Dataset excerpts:

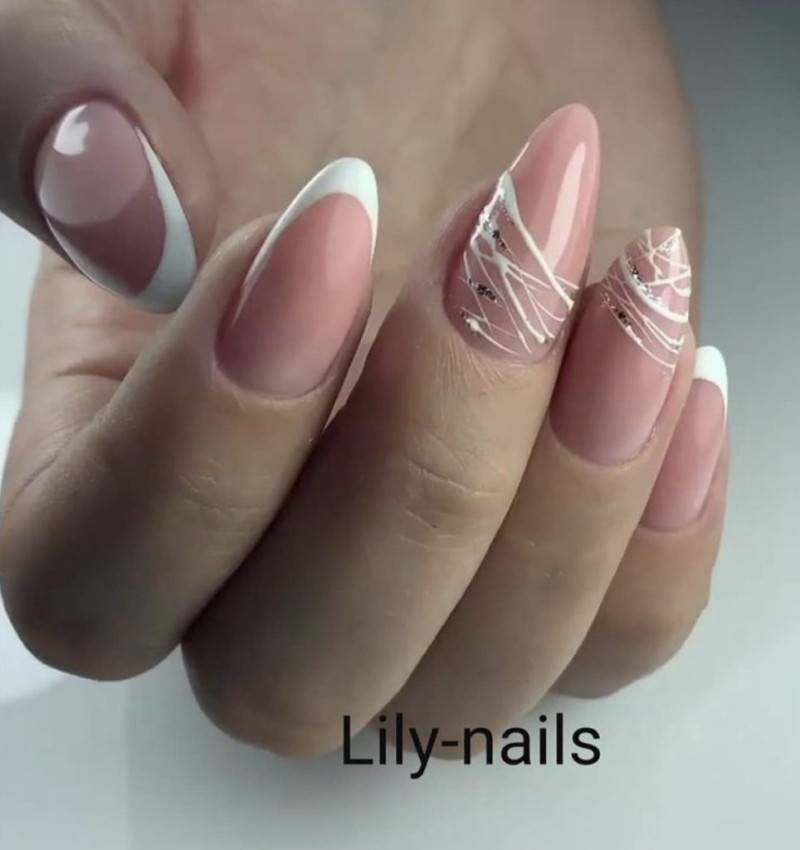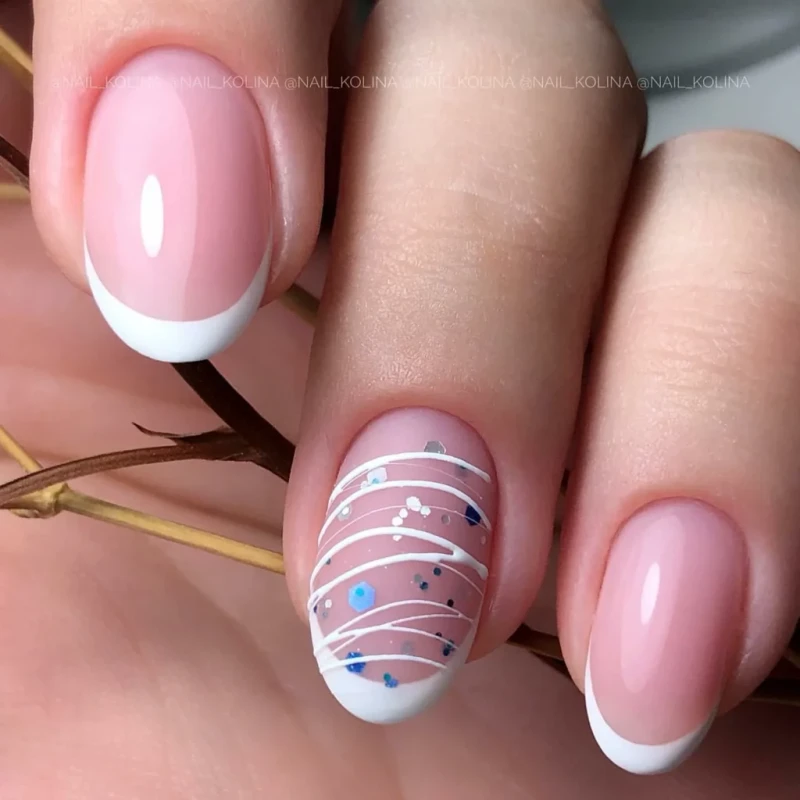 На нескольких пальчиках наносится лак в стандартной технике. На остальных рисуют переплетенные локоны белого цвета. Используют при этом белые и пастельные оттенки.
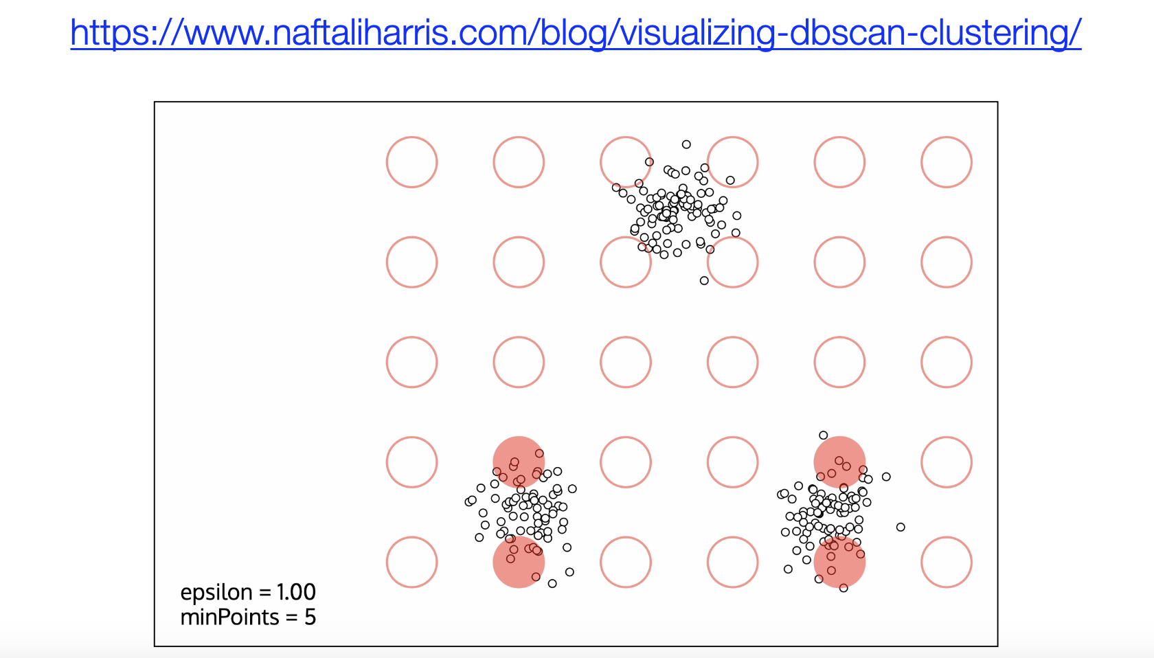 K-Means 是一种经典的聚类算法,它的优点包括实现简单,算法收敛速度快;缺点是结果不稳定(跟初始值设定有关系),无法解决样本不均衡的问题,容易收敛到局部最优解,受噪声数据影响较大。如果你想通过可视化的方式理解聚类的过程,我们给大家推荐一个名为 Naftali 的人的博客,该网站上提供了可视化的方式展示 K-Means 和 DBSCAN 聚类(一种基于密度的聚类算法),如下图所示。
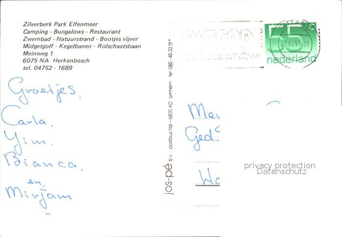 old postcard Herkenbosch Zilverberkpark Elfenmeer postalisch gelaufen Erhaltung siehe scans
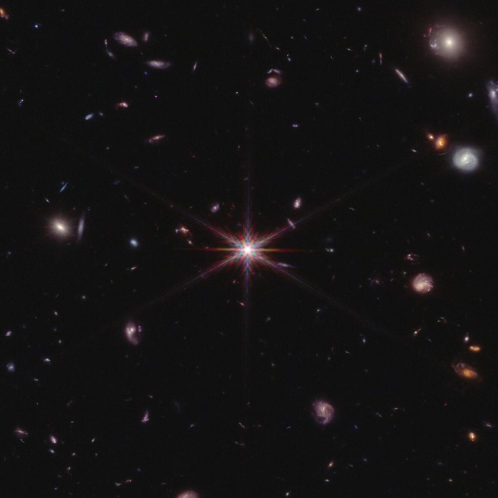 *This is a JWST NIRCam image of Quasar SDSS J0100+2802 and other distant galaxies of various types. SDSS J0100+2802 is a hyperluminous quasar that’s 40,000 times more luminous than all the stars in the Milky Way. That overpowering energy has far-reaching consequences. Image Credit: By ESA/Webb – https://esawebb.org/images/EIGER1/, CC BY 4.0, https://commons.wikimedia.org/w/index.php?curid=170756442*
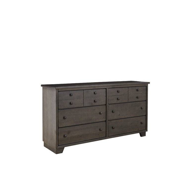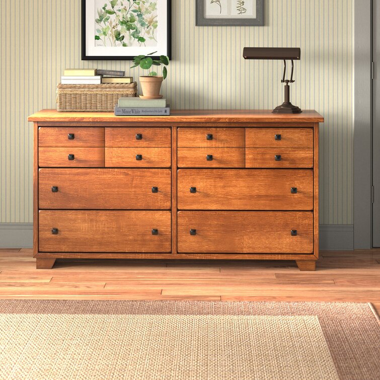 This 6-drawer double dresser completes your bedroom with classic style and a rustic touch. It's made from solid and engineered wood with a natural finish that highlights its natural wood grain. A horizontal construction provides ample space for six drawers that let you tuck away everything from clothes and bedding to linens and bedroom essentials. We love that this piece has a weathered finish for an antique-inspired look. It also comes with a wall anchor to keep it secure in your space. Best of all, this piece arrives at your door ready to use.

| Problem to work on |
Leave out the pictures. Transcribe only the lines above, from the first through the one that contains "a JWST NIRCam".

| Solution to the problem |
 На нескольких пальчиках наносится лак в стандартной технике. На остальных рисуют переплетенные локоны белого цвета. Используют при этом белые и пастельные оттенки.
 K-Means 是一种经典的聚类算法,它的优点包括实现简单,算法收敛速度快;缺点是结果不稳定(跟初始值设定有关系),无法解决样本不均衡的问题,容易收敛到局部最优解,受噪声数据影响较大。如果你想通过可视化的方式理解聚类的过程,我们给大家推荐一个名为 Naftali 的人的博客,该网站上提供了可视化的方式展示 K-Means 和 DBSCAN 聚类(一种基于密度的聚类算法),如下图所示。
 old postcard Herkenbosch Zilverberkpark Elfenmeer postalisch gelaufen Erhaltung siehe scans
 *This is a JWST NIRCam image of Quasar SDSS J0100+2802 and other distant galaxies of various types. SDSS J0100+2802 is a hyperluminous quasar that’s 40,000 times more luminous than all the stars in the Milky Way. That overpowering energy has far-reaching consequences. Image Credit: By ESA/Webb – https://esawebb.org/images/EIGER1/, CC BY 4.0, https://commons.wikimedia.org/w/index.php?curid=170756442*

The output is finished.